Zara, the Spanish-based company, is Europe’s leading apparel retailer, providing consumers with current, high- fashion styles at reasonable prices. With more than $14.5 billion in sales and more than 2,000 stores, the company has succeeded by breaking virtually every traditional rule in the retailing industry.

The first Zara store opened in 1975. By the 1980s, founder Amancio Ortega was working with computer programmers on a new distribution model to reduce the time from design to distribution to just two weeks—a

groundbreaking difference from the industry average of six to nine months. As a result, the company now makes between 10,000 and 20,000 different items a year, approximately triple the number made by Gap or H&M. With this revolutionary step, Zara was able to introduce “fast fashion” at affordable prices.

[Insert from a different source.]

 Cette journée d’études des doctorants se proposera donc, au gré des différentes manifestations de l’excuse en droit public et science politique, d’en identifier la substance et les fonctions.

Zara’s business model is keenly focused on four stra­tegic elements:

Design and Production. Zara employs hundreds of designers at its headquarters in Spain. Thus, new styles are constantly being created and put into pro­duction while others are tweaked with various colors or patterns. The firm enforces the speed at which itputs these designs into production by locating half its production facilities nearby in Spain, Portugal, and Morocco. It produces  only a small quantity of each collection and is willing to experience occa­sional shortages to preserve an image of exclusivity. Clothes with a longer shelf life, like T-shirts, are out­sourced to lower-cost suppliers in Asia and Turkey. With tight control on its manufacturing process, Zara can move more rapidly than any of its competitors and continues to deliver fresh styles to its stores every week.

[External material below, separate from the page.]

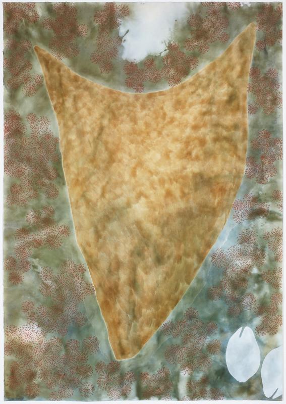 ochre, pigment, watercolour, gouache, pastel and acrylic on canvas

Logistics. Zara distributes all its merchandise, regardless of origin, from Spain. Its distribution process is designed so that the time from receipt of an order to delivery in the store averages 24 hours in Europe and 48 hours in the United States and Asia. Having 50 percent of its production facilities nearby is key to the success of this model. All Zara stores receive new shipments twice a week, and the small quantities of each collection entice consumers not only to return frequently but also to make purchase decisions more quickly. Because of its logistics and inventory policy, while an average shopper in Spain visits a main street store three times a year, shoppers to a Zara store average 17 trips. Some fans know exactly what day new shipments arrive and show up early to be the first in line, keeping the company’s sales strong throughout the year and even during slow economic times. The company also sells more products at full price—85 percent of its merchandise versus the industry average of 60 percent.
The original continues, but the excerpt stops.